Work request: Repeat the listing word for word. No pictures belong in the copy.

Data below:

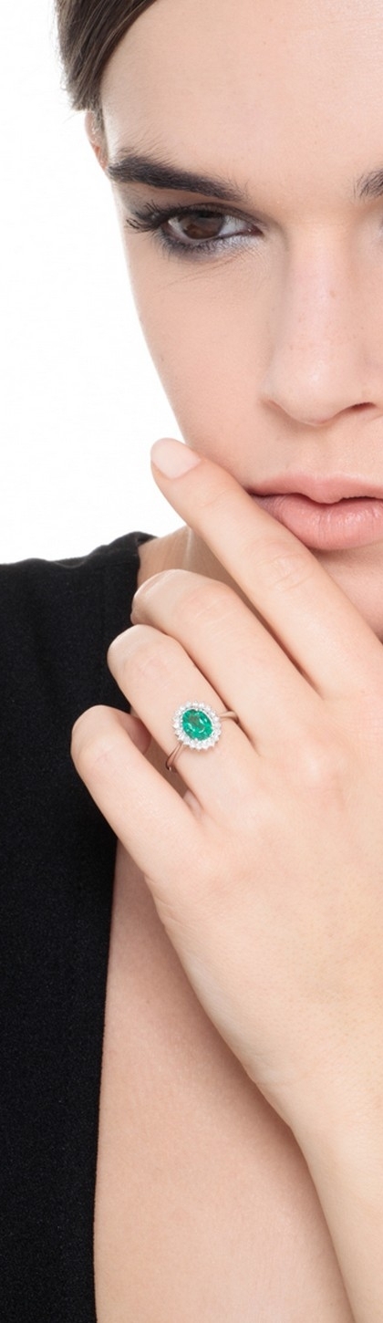 Anello contorno in oro bianco 18k con Smeraldo taglio ovale e diamanti
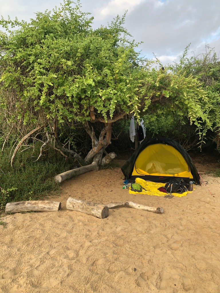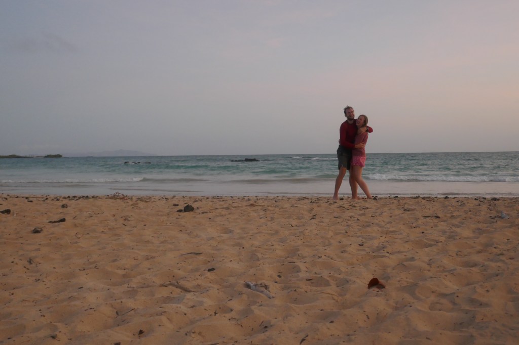 Op dag 2 gaan we naar Tortuga Bay. Geen schildpad gezien, want als er Tortuga in de naam zit, vind je er om één andere reden nooit schildpadden (ook niet in Casa de Tortuga in Mexico of op Tortuga Island bij Isabela). Onwijs logisch. Anyway… waaaaauw! Playa Brava en Tortuga Bay zijn wel echt de definitie van het paradijs: kilometers witte stranden, helderblauwe oceaan, leguanen overal en zelfs babyhaaien (check!) in de het kleinere poeltje. Zo ontzettend mooi! Echt idyllisch. Jona heeft ongeveer 200 foto’s gemaakt van de babyhaaien waar je gewoon mee kon snorkelen! Super bijzonder! Diezelfde dag hebben we nog een avontuur op de planning: we gaan namelijk kamperen! Aan de andere kant van Santa Cruz vind je Playa El Garrapatero: weer een heel ander soort idyllisch en tevens de enige plek op Galapagos waar je mag kamperen. Het heeft nog wel wat voeten in de aarde, want om überhaupt daar te mogen zijn na 17.00 uur moet je een permit hebben. Hier zijn we op onze eerste dag gelijk naar op zoek gegaan bij de kantoren van het Nationaal Park. Na zo’n 5 keer naar een ander kantoor gestuurd te zijn, hebben we haar eindelijk gevonden: Alexandra, de persoon die ons aan zo’n permit zou kunnen helpen. In een flink geairconditioned hok met alle luxaflex gesloten, treffen we haar en nog 4 andere Park Rangers aan. Ze zitten gezellig te ouwehoeren terwijl Alexandra onze gegevens bekijkt en onze achternamen probeert uit te spreken. Nerveus staan we tussen de 5 zittende mensen die ons allemaal geïnteresseerd bekijken en in rap en onverstaanbaar Spaans met elkaar doorkletsen. Er wordt even uitgebreid gelachen om het feit dat ik vier voornamen heb, maar uiteindelijk krijgen we dan toch onze permit. We moeten wel $20 aftikken hiervoor, maar dat is oké. Alexandra wijst ons er ook op dat we alleen bij Garrapatero kunnen komen met een taxi. En dus ook weer terug. Dat belooft niet veel goeds voor het budget, maar ja. Je moet er iets voor overhebben om te kamperen op een bijzondere plek. En bijzonder is het zeker! Hoewel de zon achter ons in land ondergaat, heeft de lucht prachtige kleuren gekregen en de hele avond worden we getrakteerd op het schouwspel dat ik ‘Het Diner van de Pelikaan’ noem. Eén voor één duiken 6 pelikanen de oceaan in op zoek naar hun volgende gang. Terwijl Jona opnieuw te veel foto’s maakt, eet ik chips op een boomstam. Er wordt druk bij me gebedeld door niemand minder dan de vinken van Darwin (check!). De kleine vogeltjes zitten nog net niet op mijn schoot en durven prima onder mijn benen de gevallen kruimels weg te pikken. Wel gezellig hoor! Ook komen de heremietkreeften (check!) ineens tevoorschijn uit hun holletjes – moeten nog uitkijken dat we er niet op gaan staan! Zodra de zon onder is, zien we andere dieren. Deze staan zeker niet op mijn bingokaart: muggen. EN VEEL OOK. Een enorme zwerm heeft zich verzameld voor onze tent en we moeten er head-first ons bed induiken. Wat volgt is zandvoeten in de tent én alsnog een stuk of 100 muggen die we ter plekke moeten afmaken. Wat een slagveld. Gelukkig hebben we het gezellig met elkaar, want het kamperen is wel een piepklein beetje afzien hahaha. Zand vermengt zich met zweet en zout en zorgt voor een plakkerig geheel, een stiekeme overlevende van de Muggen Massacre prikt ons lek en we liggen zoals gewoonlijk niet waterpas. Om een uur of 10 ‘s avonds (middenin de nacht als je al om 19.00 uur je tent in bent gejaagd) wordt er ineens met een zaklamp naar binnen geschenen. Twee grote meneren willen onze permit zien, ook al hebben we die eerder ook al moeten laten zien. Helemaal verwilderd geef ik het briefje aan, waarbij een aantal nieuwe muggen hun kans schoon ziet onze tent binnen te komen. Top. De Park Ranger lacht een beetje, geeft ons het briefje terug en wenst ons een goede nacht. Ja bedankt, vriend, als je maar niet nog een keer langs komt.
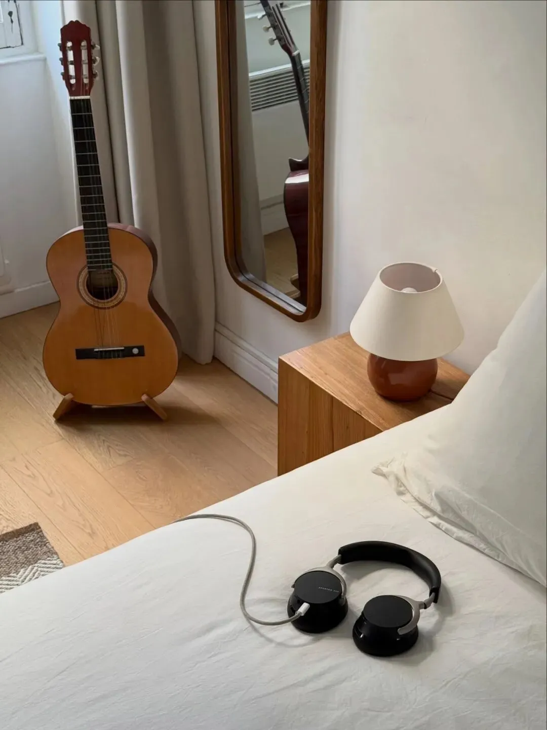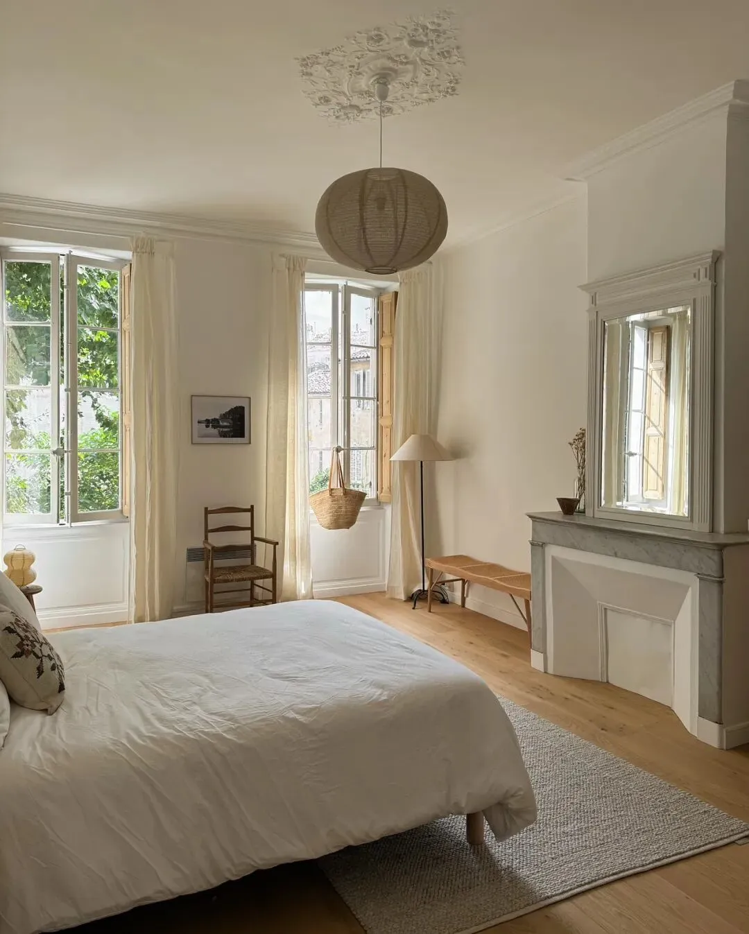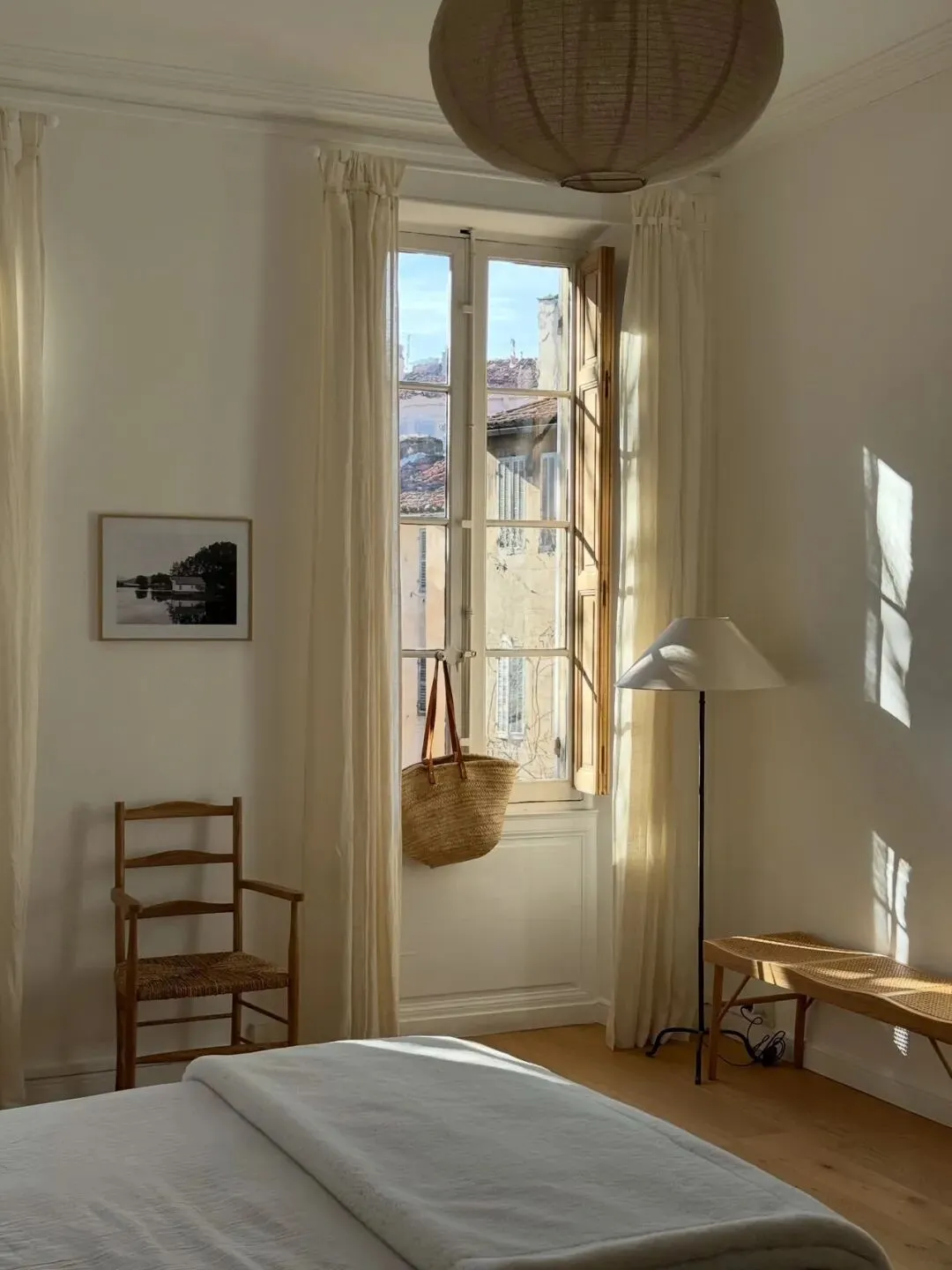 卧室是让人彻底放松的空间。纯白的床品与浅木色地板,搭配柔和的光线,营造出宁静的氛围。藤编床头板、木质长凳与编织篮,每一件单品都充满了自然的温度。
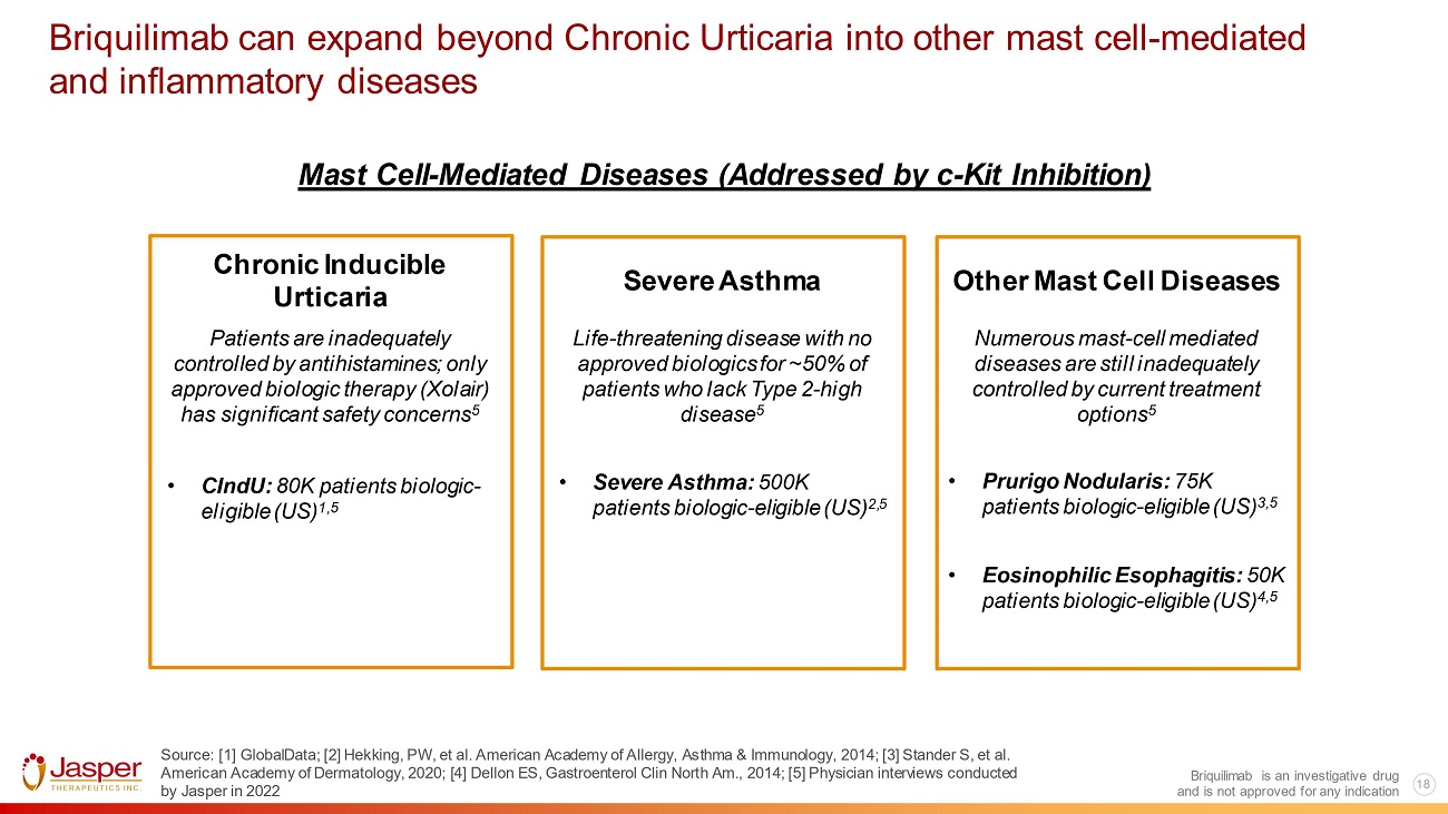 17 Briquilimab is an investigative drug and is not approved for any indication There is a significant unmet need for Chronic Urticaria patients who fail antihistamines – safer, more effective therapies are needed *Montelukast = Leukotriene receptor antagonist; cyclosporine = immunosuppressant; dapsone = sulphone Sources: [1] GlobalData; [2] Zuberbier T, et al. (2021) European Journal of Allergy and Clinical Immunology; [3] Omalizumab prescribing information ; [4] Market research conducted by Novartis (presentation in 2021). Chronic Urticaria 1.5 - 3 million cases in the US 1 H - 1 Antihistamines Antihistamine - Failed Population Approved Therapies 2 Limitations • Zyrtec • Claritin • Xolair (only approved agent in CSU; 2014)* • Non - approved agents: cyclosporine, montelukast, dapsone* • 30 - 50% of patients are still uncontrolled after FDA - approved doses 2 • 20 - 40% of patients have an inadequate response to Xolair 3 • Low penetration rate of Xolair (~13%) due to black box warning for anaphylaxis 4 Significant unmet need in Chronic Urticaria patients who fail antihistamines Safer, more effective therapies are needed to meet market potential

Result for this task:
 Anello contorno in oro bianco 18k con Smeraldo taglio ovale e diamanti
 Op dag 2 gaan we naar Tortuga Bay. Geen schildpad gezien, want als er Tortuga in de naam zit, vind je er om één andere reden nooit schildpadden (ook niet in Casa de Tortuga in Mexico of op Tortuga Island bij Isabela). Onwijs logisch. Anyway… waaaaauw! Playa Brava en Tortuga Bay zijn wel echt de definitie van het paradijs: kilometers witte stranden, helderblauwe oceaan, leguanen overal en zelfs babyhaaien (check!) in de het kleinere poeltje. Zo ontzettend mooi! Echt idyllisch. Jona heeft ongeveer 200 foto’s gemaakt van de babyhaaien waar je gewoon mee kon snorkelen! Super bijzonder! Diezelfde dag hebben we nog een avontuur op de planning: we gaan namelijk kamperen! Aan de andere kant van Santa Cruz vind je Playa El Garrapatero: weer een heel ander soort idyllisch en tevens de enige plek op Galapagos waar je mag kamperen. Het heeft nog wel wat voeten in de aarde, want om überhaupt daar te mogen zijn na 17.00 uur moet je een permit hebben. Hier zijn we op onze eerste dag gelijk naar op zoek gegaan bij de kantoren van het Nationaal Park. Na zo’n 5 keer naar een ander kantoor gestuurd te zijn, hebben we haar eindelijk gevonden: Alexandra, de persoon die ons aan zo’n permit zou kunnen helpen. In een flink geairconditioned hok met alle luxaflex gesloten, treffen we haar en nog 4 andere Park Rangers aan. Ze zitten gezellig te ouwehoeren terwijl Alexandra onze gegevens bekijkt en onze achternamen probeert uit te spreken. Nerveus staan we tussen de 5 zittende mensen die ons allemaal geïnteresseerd bekijken en in rap en onverstaanbaar Spaans met elkaar doorkletsen. Er wordt even uitgebreid gelachen om het feit dat ik vier voornamen heb, maar uiteindelijk krijgen we dan toch onze permit. We moeten wel $20 aftikken hiervoor, maar dat is oké. Alexandra wijst ons er ook op dat we alleen bij Garrapatero kunnen komen met een taxi. En dus ook weer terug. Dat belooft niet veel goeds voor het budget, maar ja. Je moet er iets voor overhebben om te kamperen op een bijzondere plek. En bijzonder is het zeker! Hoewel de zon achter ons in land ondergaat, heeft de lucht prachtige kleuren gekregen en de hele avond worden we getrakteerd op het schouwspel dat ik ‘Het Diner van de Pelikaan’ noem. Eén voor één duiken 6 pelikanen de oceaan in op zoek naar hun volgende gang. Terwijl Jona opnieuw te veel foto’s maakt, eet ik chips op een boomstam. Er wordt druk bij me gebedeld door niemand minder dan de vinken van Darwin (check!). De kleine vogeltjes zitten nog net niet op mijn schoot en durven prima onder mijn benen de gevallen kruimels weg te pikken. Wel gezellig hoor! Ook komen de heremietkreeften (check!) ineens tevoorschijn uit hun holletjes – moeten nog uitkijken dat we er niet op gaan staan! Zodra de zon onder is, zien we andere dieren. Deze staan zeker niet op mijn bingokaart: muggen. EN VEEL OOK. Een enorme zwerm heeft zich verzameld voor onze tent en we moeten er head-first ons bed induiken. Wat volgt is zandvoeten in de tent én alsnog een stuk of 100 muggen die we ter plekke moeten afmaken. Wat een slagveld. Gelukkig hebben we het gezellig met elkaar, want het kamperen is wel een piepklein beetje afzien hahaha. Zand vermengt zich met zweet en zout en zorgt voor een plakkerig geheel, een stiekeme overlevende van de Muggen Massacre prikt ons lek en we liggen zoals gewoonlijk niet waterpas. Om een uur of 10 ‘s avonds (middenin de nacht als je al om 19.00 uur je tent in bent gejaagd) wordt er ineens met een zaklamp naar binnen geschenen. Twee grote meneren willen onze permit zien, ook al hebben we die eerder ook al moeten laten zien. Helemaal verwilderd geef ik het briefje aan, waarbij een aantal nieuwe muggen hun kans schoon ziet onze tent binnen te komen. Top. De Park Ranger lacht een beetje, geeft ons het briefje terug en wenst ons een goede nacht. Ja bedankt, vriend, als je maar niet nog een keer langs komt.
 卧室是让人彻底放松的空间。纯白的床品与浅木色地板,搭配柔和的光线,营造出宁静的氛围。藤编床头板、木质长凳与编织篮,每一件单品都充满了自然的温度。
 17 Briquilimab is an investigative drug and is not approved for any indication There is a significant unmet need for Chronic Urticaria patients who fail antihistamines – safer, more effective therapies are needed *Montelukast = Leukotriene receptor antagonist; cyclosporine = immunosuppressant; dapsone = sulphone Sources: [1] GlobalData; [2] Zuberbier T, et al. (2021) European Journal of Allergy and Clinical Immunology; [3] Omalizumab prescribing information ; [4] Market research conducted by Novartis (presentation in 2021). Chronic Urticaria 1.5 - 3 million cases in the US 1 H - 1 Antihistamines Antihistamine - Failed Population Approved Therapies 2 Limitations • Zyrtec • Claritin • Xolair (only approved agent in CSU; 2014)* • Non - approved agents: cyclosporine, montelukast, dapsone* • 30 - 50% of patients are still uncontrolled after FDA - approved doses 2 • 20 - 40% of patients have an inadequate response to Xolair 3 • Low penetration rate of Xolair (~13%) due to black box warning for anaphylaxis 4 Significant unmet need in Chronic Urticaria patients who fail antihistamines Safer, more effective therapies are needed to meet market potential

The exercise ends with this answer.